For the records below, output word for word the lines from the one with "Examples of authentication" up to and including the one with "信息技术类:软件技术、计算机". No pictures.

» GIVEN INFORMATION
::::::
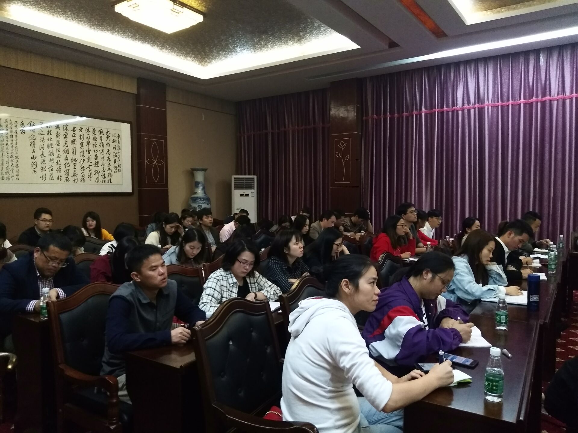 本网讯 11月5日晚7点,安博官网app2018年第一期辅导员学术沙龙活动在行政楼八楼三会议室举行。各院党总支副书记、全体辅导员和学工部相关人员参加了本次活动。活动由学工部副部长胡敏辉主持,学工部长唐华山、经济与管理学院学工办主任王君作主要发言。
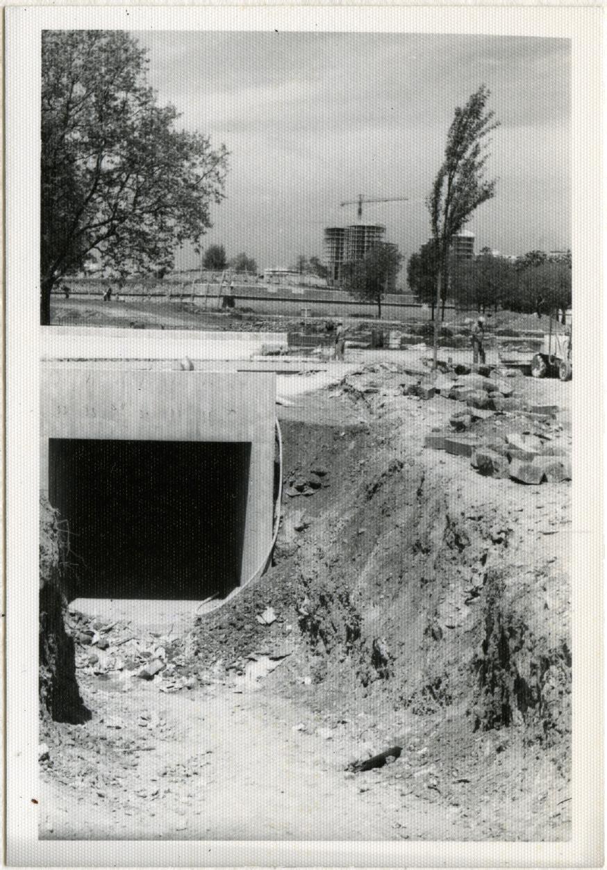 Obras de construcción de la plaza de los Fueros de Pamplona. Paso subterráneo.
::::::
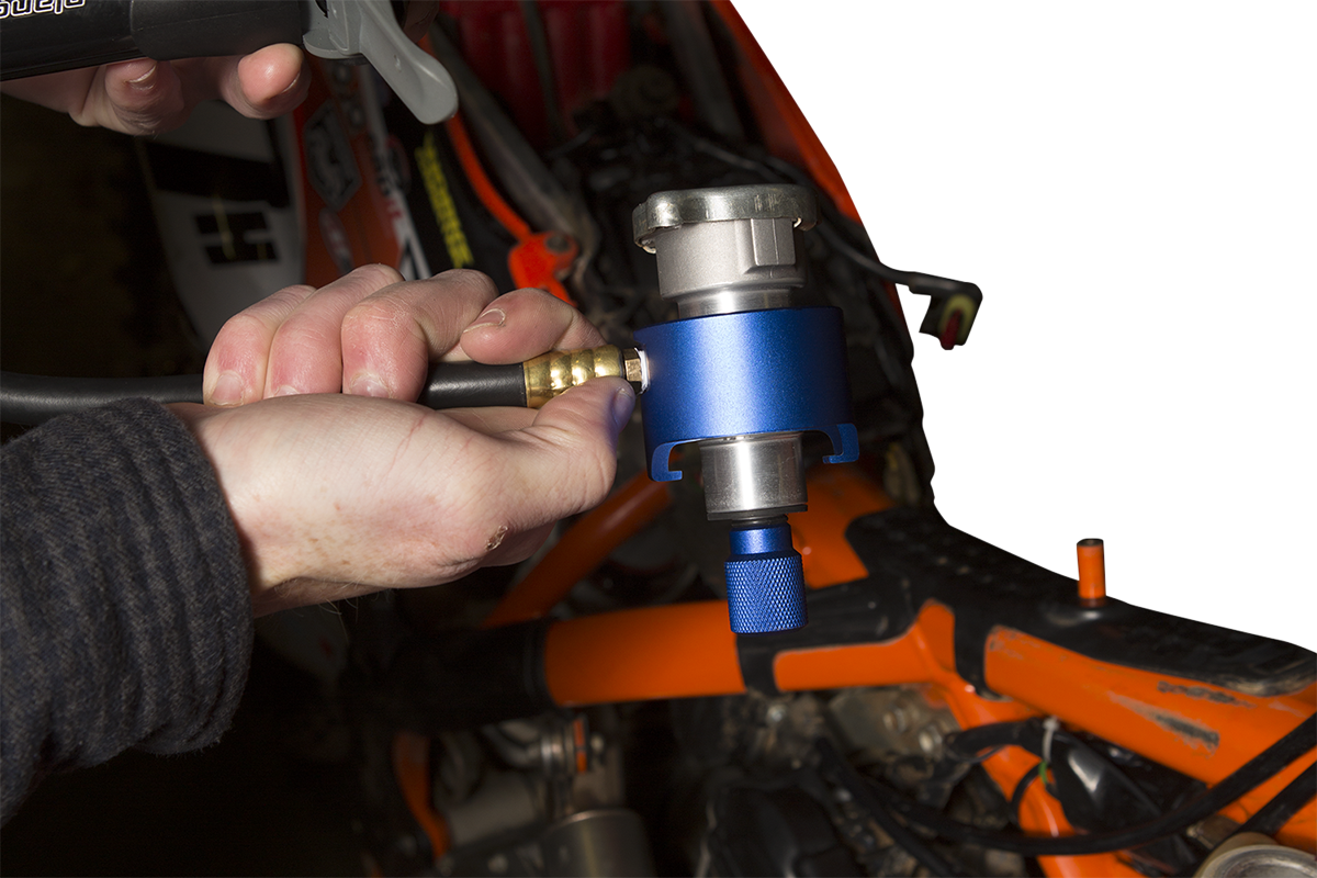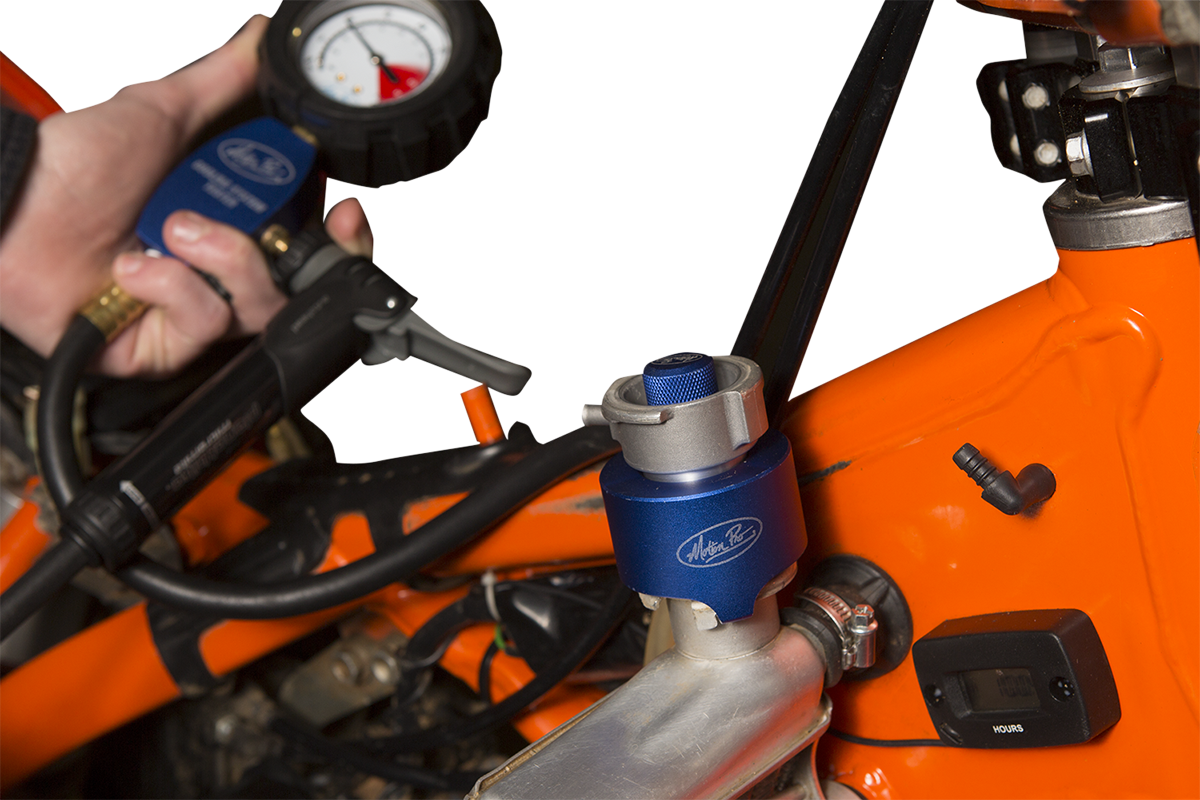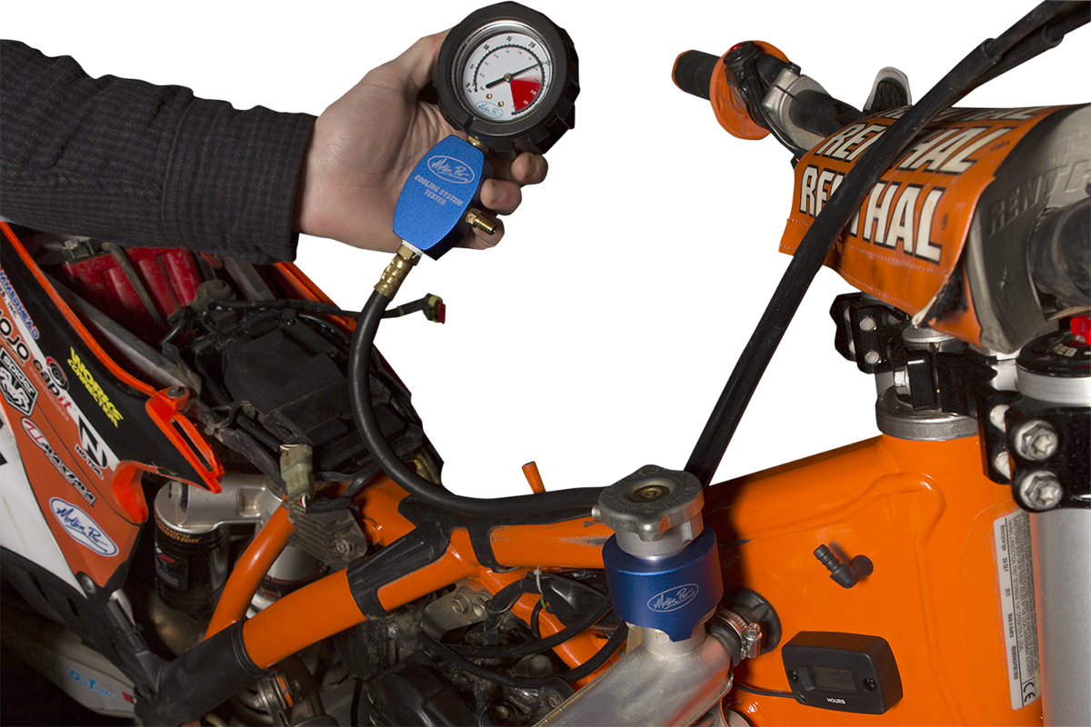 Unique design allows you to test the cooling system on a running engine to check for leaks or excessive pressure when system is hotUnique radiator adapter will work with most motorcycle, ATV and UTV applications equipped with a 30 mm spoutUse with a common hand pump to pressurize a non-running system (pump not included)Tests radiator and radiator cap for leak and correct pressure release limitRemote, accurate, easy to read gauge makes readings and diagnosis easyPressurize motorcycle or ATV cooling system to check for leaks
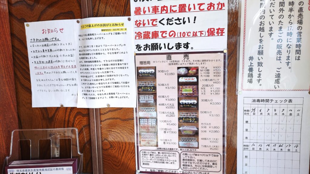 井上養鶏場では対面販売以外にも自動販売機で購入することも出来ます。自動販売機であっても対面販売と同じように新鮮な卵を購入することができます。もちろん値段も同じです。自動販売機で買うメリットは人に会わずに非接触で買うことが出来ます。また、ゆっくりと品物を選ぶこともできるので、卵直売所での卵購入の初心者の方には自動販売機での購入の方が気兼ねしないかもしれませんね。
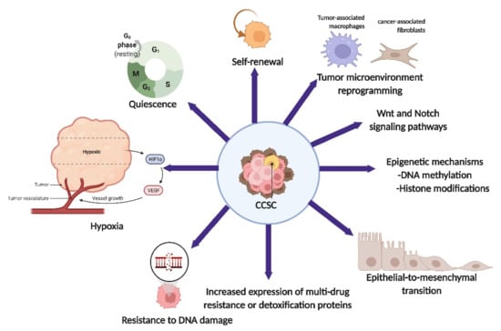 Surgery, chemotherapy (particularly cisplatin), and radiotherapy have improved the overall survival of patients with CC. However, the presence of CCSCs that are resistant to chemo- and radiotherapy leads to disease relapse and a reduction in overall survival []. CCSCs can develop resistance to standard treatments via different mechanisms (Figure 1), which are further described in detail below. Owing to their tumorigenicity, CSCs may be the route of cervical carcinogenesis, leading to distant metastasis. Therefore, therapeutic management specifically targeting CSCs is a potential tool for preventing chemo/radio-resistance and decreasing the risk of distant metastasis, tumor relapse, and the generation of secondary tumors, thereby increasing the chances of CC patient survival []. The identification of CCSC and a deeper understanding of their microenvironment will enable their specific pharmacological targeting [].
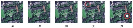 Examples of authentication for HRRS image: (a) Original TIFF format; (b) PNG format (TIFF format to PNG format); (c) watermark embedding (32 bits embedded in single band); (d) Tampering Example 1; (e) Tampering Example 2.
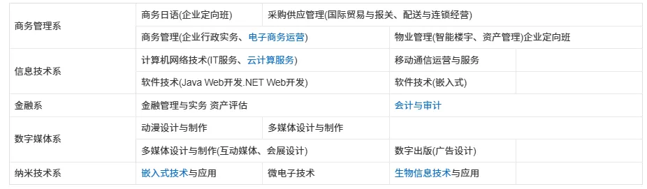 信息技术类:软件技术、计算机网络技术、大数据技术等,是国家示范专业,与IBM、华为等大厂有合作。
::::::
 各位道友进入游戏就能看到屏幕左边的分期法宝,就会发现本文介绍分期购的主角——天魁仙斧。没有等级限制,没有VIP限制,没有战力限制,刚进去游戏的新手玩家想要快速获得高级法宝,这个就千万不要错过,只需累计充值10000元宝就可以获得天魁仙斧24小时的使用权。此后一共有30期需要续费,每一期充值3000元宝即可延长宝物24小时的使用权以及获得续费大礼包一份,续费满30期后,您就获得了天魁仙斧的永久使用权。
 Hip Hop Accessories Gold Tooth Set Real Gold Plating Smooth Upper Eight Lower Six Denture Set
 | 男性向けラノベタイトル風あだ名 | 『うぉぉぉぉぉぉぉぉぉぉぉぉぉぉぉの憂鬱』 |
::::::
» ANSWER SECTION
 Examples of authentication for HRRS image: (a) Original TIFF format; (b) PNG format (TIFF format to PNG format); (c) watermark embedding (32 bits embedded in single band); (d) Tampering Example 1; (e) Tampering Example 2.
 信息技术类:软件技术、计算机网络技术、大数据技术等,是国家示范专业,与IBM、华为等大厂有合作。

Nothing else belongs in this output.